Address
- 7000 Crossroads Blvd, Suite 4000 Oklahoma City, Oklahoma, 73149 United States
- Coordinates: 35°23′50″N 97°29′21″W﻿ / ﻿35.3971°N 97.4893°W

District information
- Type: Independent public charter district
- Grades: PK–12
- Established: 2001
- Superintendent: Chris Brewster
- Schools: 10
- NCES District ID: 4000796

Students and staff
- Students: 4,620 (2024–25)

Other information
- Website: santafesouth.org

= Santa Fe South Schools =

School district in Oklahoma, United States

Santa Fe South Schools (also known as Santa Fe South Charter Schools, or SFS) is a public charter school district in Oklahoma City, Oklahoma, United States, serving students from pre-kindergarten through 12th grade across south Oklahoma City. Founded in 2001, it is the largest brick-and-mortar charter school district in the state of Oklahoma.

==History==

===Founding (2001)===
Santa Fe South was founded in 2001 by Chris Brewster, who had worked in traditional public schools as a music teacher and later as an assistant principal. Brewster launched the school out of a church basement, enrolling 120 ninth-graders with a staff of six teachers and three support personnel, citing the need for aiding inequities between schools in wealthy and low-income parts of Oklahoma City. Oklahoma City Public Schools (OKCPS) served as the district's charter authorizer from its founding through 2021. The school was developed with support from ORO Development Corporation, a local nonprofit active in the area since 1971.
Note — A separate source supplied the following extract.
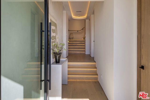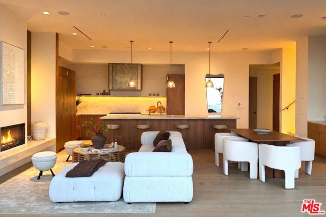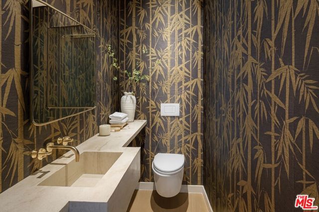 Best value VIEW ESTATE in all of Hollywood Hills! Brand new construction home with breathtaking jetliner views of the city - in one the best locations above Chateau Marmont - minutes away from all the action and vibes of the The Sunset Strip, yet peacefully tucked away on a quiet closed-end street. House is complete with gated parking, elevator to all floors, a pool, a theater, and a spa-like master suite with a private lounge room. The thoughtfully designed floor plan features four en-suite bedrooms, a theater with wet bar, an elevator, an indoor green wall, and a top-level primary suite complete with a private lounge, a steam shower, and a Calacatta Viola clad spa-like bath. Expansive, fully retractable glass doors open to outdoor living spaces that include a sparkling pool, summer kitchen, fire pit sitting area, and panoramic city and Sunset Strip views. Designer finishes throughout feature walnut cabinetry, Taj Mahal quartz and leathered granite countertops, herringbone Italian lime flooring, custom travertine sinks, plaster walls, a striking all-brass kitchen vent, and a dramatic double-wide glass pivot entry door. Additional features include surround sound, a laundry chute, and a two-car garage with ample gated driveway parking. Each bedroom opens to its own balcony framing the skyline, while a separate downstairs guest suite offers privacy and its own wet bar. A true entertainer's paradise and serene retreat in one, this residence exemplifies prime Hollywood Hills living.

===Growth and expansion===
From its single high school campus, Santa Fe South expanded over the following two decades to include elementary, middle, and early childhood programs across south Oklahoma City. Brewster received the Milken Educator Award in 2009 in recognition of his work developing the district. As of the 2024–25 school year, the district enrolls 4,620 students across 10 schools, making it the largest brick-and-mortar charter school district in Oklahoma.

The district operates on an open-enrollment, tuition-free model. When more students apply than seats are available, seats are assigned through a random lottery.

===2021 authorizer transition===
From 2001 through mid-2021, Santa Fe South's charter was authorized by OKCPS. In April 2021, as Santa Fe South was preparing to shift its authorization to Oklahoma City Community College (OCCC), the OKCPS Board of Education voted unanimously to request a state investigative audit of the district for fiscal years 2018–19 and 2019–20. The request cited a $300,000 loan from a nonprofit development corporation connected to Santa Fe South to Sovereign Community School, another Oklahoma City charter school. Superintendent Brewster questioned the timing of the audit request, calling it a "political football". He noted that the audit coincided with the district's planned departure from OKCPS oversight and the resulting loss of authorizer fees OKCPS had collected from Santa Fe South, which Brewster estimated at $4 million over the preceding ten years. OCCC assumed the authorizer role on July 1, 2021.

===COVID-19 pandemic===
In August 2021, Superintendent Brewster announced that Santa Fe South would require students to wear masks, making it the first Oklahoma school district to institute such a requirement that school year. The COVID-19 mandate included an opt-out provision to navigate Senate Bill 658, a state law restricting mask requirements to periods of a governor-declared emergency.

==Schools==
As of the 2024–25 school year, Santa Fe South operates 10 schools across south Oklahoma City.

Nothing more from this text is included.